● Work instruction: The line containing "当前位置: 91家纺网 >" marks the end: write out exactly every line from the first line of the data below through that line, and only those.

● Data shown:
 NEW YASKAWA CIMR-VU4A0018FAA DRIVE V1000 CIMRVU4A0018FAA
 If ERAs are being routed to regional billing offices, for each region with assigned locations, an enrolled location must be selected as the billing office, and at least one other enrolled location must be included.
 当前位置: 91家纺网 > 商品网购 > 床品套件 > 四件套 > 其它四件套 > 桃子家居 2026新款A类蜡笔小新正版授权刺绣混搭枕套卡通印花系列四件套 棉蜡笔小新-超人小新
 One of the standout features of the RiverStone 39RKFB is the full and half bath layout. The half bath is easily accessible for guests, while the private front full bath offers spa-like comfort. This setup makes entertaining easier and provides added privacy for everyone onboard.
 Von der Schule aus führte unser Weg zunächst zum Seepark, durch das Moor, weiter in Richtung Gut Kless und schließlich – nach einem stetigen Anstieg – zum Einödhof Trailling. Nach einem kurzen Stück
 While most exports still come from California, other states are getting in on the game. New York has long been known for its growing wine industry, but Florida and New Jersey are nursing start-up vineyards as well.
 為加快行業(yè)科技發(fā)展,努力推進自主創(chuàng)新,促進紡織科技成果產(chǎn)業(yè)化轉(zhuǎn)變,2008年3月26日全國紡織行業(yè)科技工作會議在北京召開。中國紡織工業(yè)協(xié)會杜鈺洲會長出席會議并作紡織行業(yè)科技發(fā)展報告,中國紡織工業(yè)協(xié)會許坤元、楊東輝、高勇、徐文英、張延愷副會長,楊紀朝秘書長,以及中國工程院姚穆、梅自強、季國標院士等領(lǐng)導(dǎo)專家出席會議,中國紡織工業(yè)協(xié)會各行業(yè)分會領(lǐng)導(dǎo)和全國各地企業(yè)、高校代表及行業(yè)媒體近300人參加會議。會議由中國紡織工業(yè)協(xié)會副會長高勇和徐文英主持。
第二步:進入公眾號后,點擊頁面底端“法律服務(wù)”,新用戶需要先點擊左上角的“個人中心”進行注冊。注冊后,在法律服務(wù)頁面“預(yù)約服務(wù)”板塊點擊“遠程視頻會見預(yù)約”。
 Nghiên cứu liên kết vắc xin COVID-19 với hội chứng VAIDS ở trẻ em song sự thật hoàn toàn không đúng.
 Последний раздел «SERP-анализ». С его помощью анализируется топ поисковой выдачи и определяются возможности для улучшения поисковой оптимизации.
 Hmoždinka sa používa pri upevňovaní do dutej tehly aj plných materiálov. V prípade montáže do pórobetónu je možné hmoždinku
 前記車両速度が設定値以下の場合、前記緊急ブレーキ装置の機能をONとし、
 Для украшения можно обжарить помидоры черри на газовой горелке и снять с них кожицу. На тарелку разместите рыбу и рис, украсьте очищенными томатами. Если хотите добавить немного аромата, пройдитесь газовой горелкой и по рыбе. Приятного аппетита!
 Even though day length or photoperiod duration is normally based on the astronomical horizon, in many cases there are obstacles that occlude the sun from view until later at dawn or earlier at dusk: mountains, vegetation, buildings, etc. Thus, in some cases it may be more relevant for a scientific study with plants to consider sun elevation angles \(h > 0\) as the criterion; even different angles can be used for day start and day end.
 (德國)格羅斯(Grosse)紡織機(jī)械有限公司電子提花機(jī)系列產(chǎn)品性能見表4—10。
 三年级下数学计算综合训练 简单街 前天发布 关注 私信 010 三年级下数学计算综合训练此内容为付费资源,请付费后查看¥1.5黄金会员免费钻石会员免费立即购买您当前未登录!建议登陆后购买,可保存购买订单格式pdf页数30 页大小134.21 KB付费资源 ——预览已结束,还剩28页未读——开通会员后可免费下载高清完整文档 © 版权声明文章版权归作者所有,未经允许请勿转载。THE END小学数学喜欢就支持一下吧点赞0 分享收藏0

● Output of the task:
 NEW YASKAWA CIMR-VU4A0018FAA DRIVE V1000 CIMRVU4A0018FAA
 If ERAs are being routed to regional billing offices, for each region with assigned locations, an enrolled location must be selected as the billing office, and at least one other enrolled location must be included.
 当前位置: 91家纺网 > 商品网购 > 床品套件 > 四件套 > 其它四件套 > 桃子家居 2026新款A类蜡笔小新正版授权刺绣混搭枕套卡通印花系列四件套 棉蜡笔小新-超人小新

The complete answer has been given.